Warum ein funktionierendes System wie die Pflegekarenz ändern, fragt sich die neue "Frau in der Wirtschaft"-Obfrau Vera Sares.

KURIER: Sie sind seit drei Monaten neue Obfrau des WK-Netzwerks „Frau in der Wirtschaft“. Welche Ziele haben Sie?

Vera Sares: Die Hälfte aller Neugründungen in Niederösterreich sind weiblich, wir zählen mehr als 56.000 weibliche Kammermitglieder. Wir wollen diesen Frauen eine starke Stimme geben und die besten Rahmenbedingungen schaffen.

Warum haben Sie sich vor mehr als zwölf Jahren für die Selbstständigkeit entschieden?

Ich habe nach der Geburt meines ersten Kindes meine Werbeagentur gegründet, weil ich gemerkt habe, wie schwer sich Beruf und Familie vereinbaren lassen. Und mir waren flexible Arbeitszeiten und eine eigene Zeiteinteilung wichtig.

Ist es nicht oft umgekehrt, ist es für viele selbstständige Frauen nicht oft schwieriger, Familie und Beruf zu vereinbaren?

Das sehe ich ganz anders, ich bin einfach nicht der Typ, der pünktlich um drei Uhr Nachmittag den Stift fallen lässt. Ich arbeitete immer am Vormittag, wenn das Kind im Kindergarten war, oder am Abend, wenn es geschlafen hat. Es gilt, Frauen mehr Mut zu machen, diesen Schritt in die Selbstständigkeit zu wagen. Ich konnte das Kind auch ins Büro mitnehmen, das war nie ein Problem, und hatte ein starkes, unterstützendes, familiäres Netzwerk.

Das haben aber nicht alle.

Deswegen ist eine flächendeckende Kinderbetreuung auch so wichtig, vor allem für Kleinkinder. Das fehlt nicht nur im ländlichen Raum. Auch die Öffnungszeiten müssen flexibler gestaltet werden. Viele Tagesstätten sperren zu Mittag zu und drängen Frauen in Teilzeitbeschäftigungen.

Neben Kinderbetreuung stehen auch Digitalisierung und Künstliche Intelligenz auf Ihrer Agenda.

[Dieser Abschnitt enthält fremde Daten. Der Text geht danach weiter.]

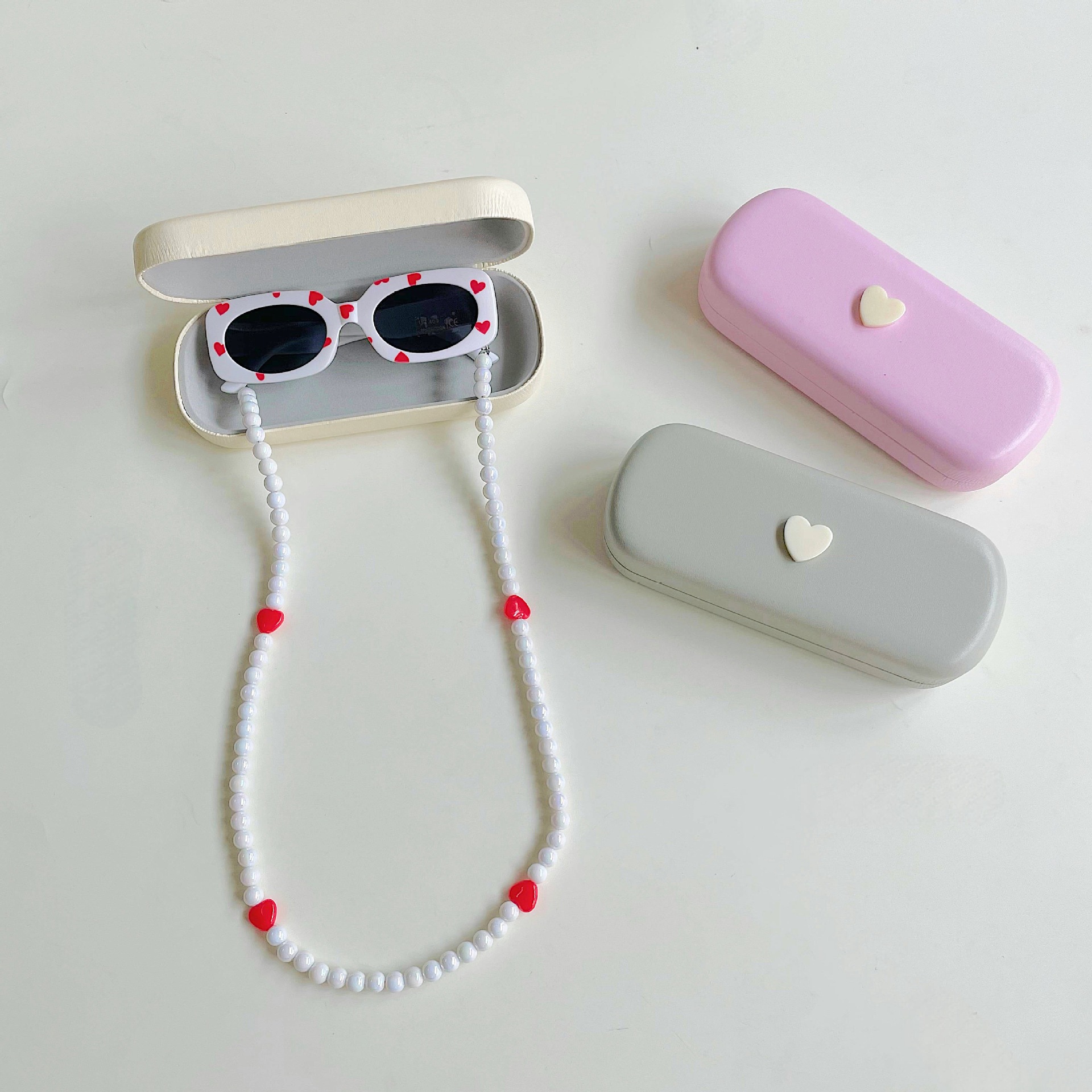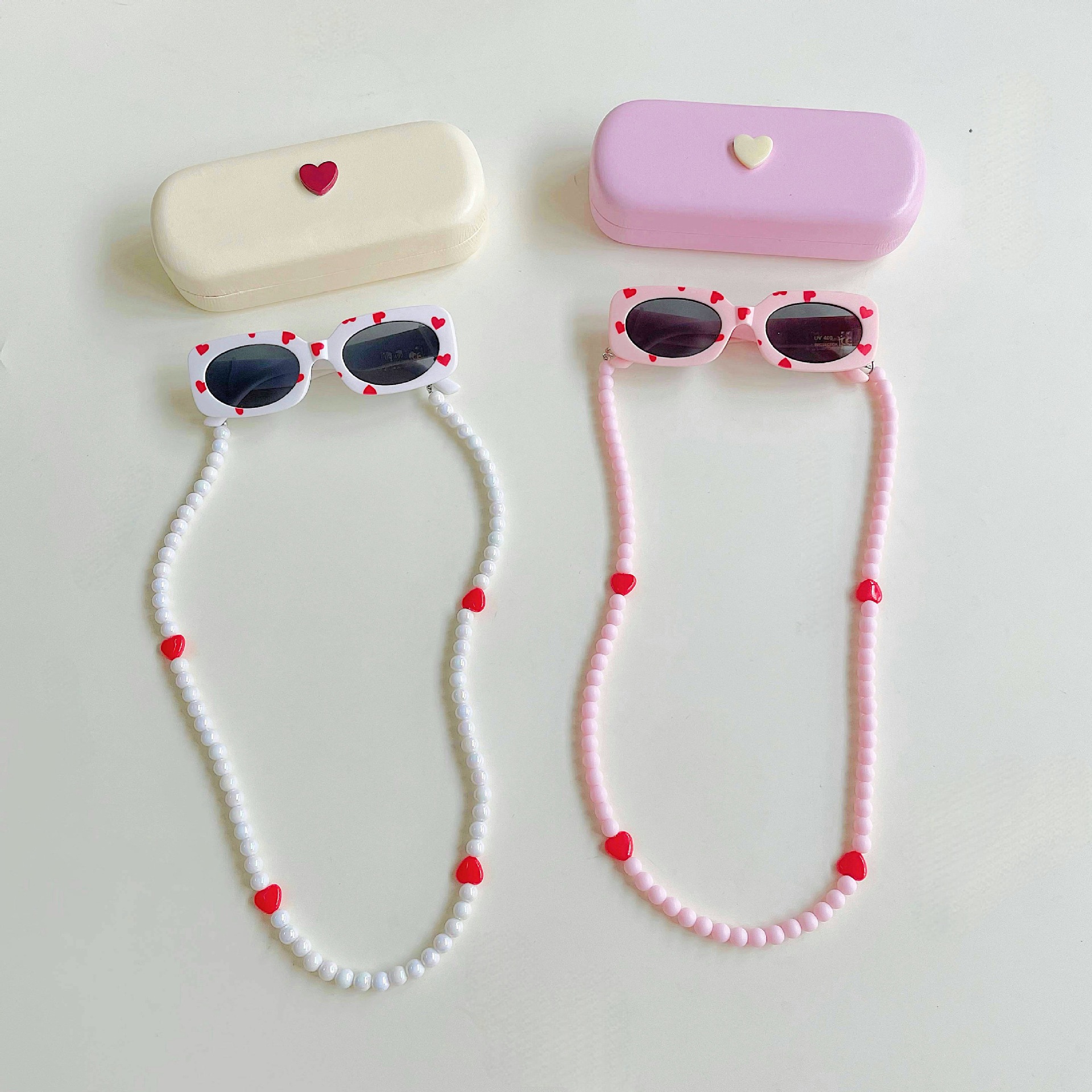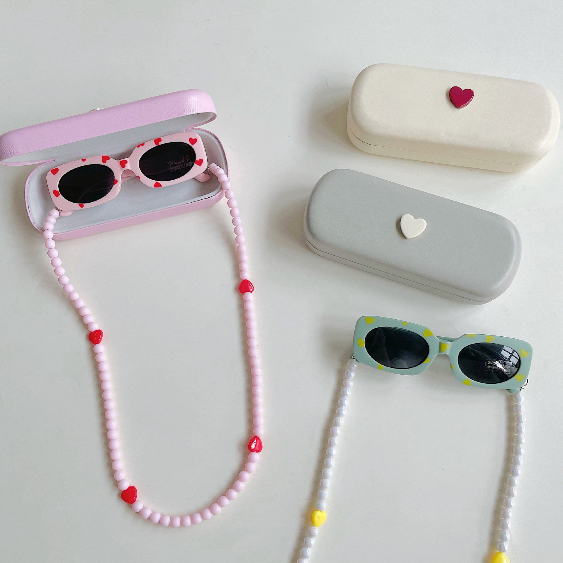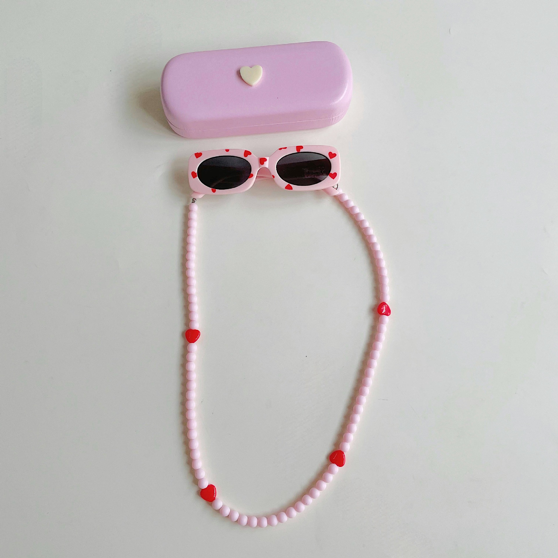 ✅ Modelo: Caja de almacenamiento + gafas de sol infantiles + cadena de gafas con cuentas.

Das ist etwas, wovor man sich nicht fürchten darf, sondern worauf wir mit Lösungen antworten müssen. Digitalisierung bringt auch Vorteile mit, alles funktioniert schneller, man kann von zu Hause arbeiten und erspart sich das Pendeln. Ich glaube nicht, dass Arbeitsplätze verloren gehen, sie verlagern sich nur.

Was bedeutet Gendermedizin für Sie?

Für uns ist es wichtig, dass es auf die Frau abgestimmte Präventions- und Vorsorgemaßnahmen gibt. 50 Prozent aller Frauen sterben an Herz-Kreislauf-Problemen, da muss man mehr informieren und sensibilisieren.

Dazu passt das Thema Pflege und Pensionen. Wie stehen Sie zur Pflegeversicherung und zur Pflegekarenz?

Es braucht auf jeden Fall Lösungen. Die Pflegeversicherung darf auf keinen Fall die jetzt schon viel zu hohen Lohnnebenkosten weiter erhöhen. Bisher konnte die Pflegekarenz und -teilzeit auf freiwilliger Basis mit dem Arbeitgeber vereinbart werden. Dies hat auf betrieblicher Ebene gut funktioniert. Für Unternehmer stellt sich nun die Frage, warum eine gesetzliche Regelung eingeführt werden musste.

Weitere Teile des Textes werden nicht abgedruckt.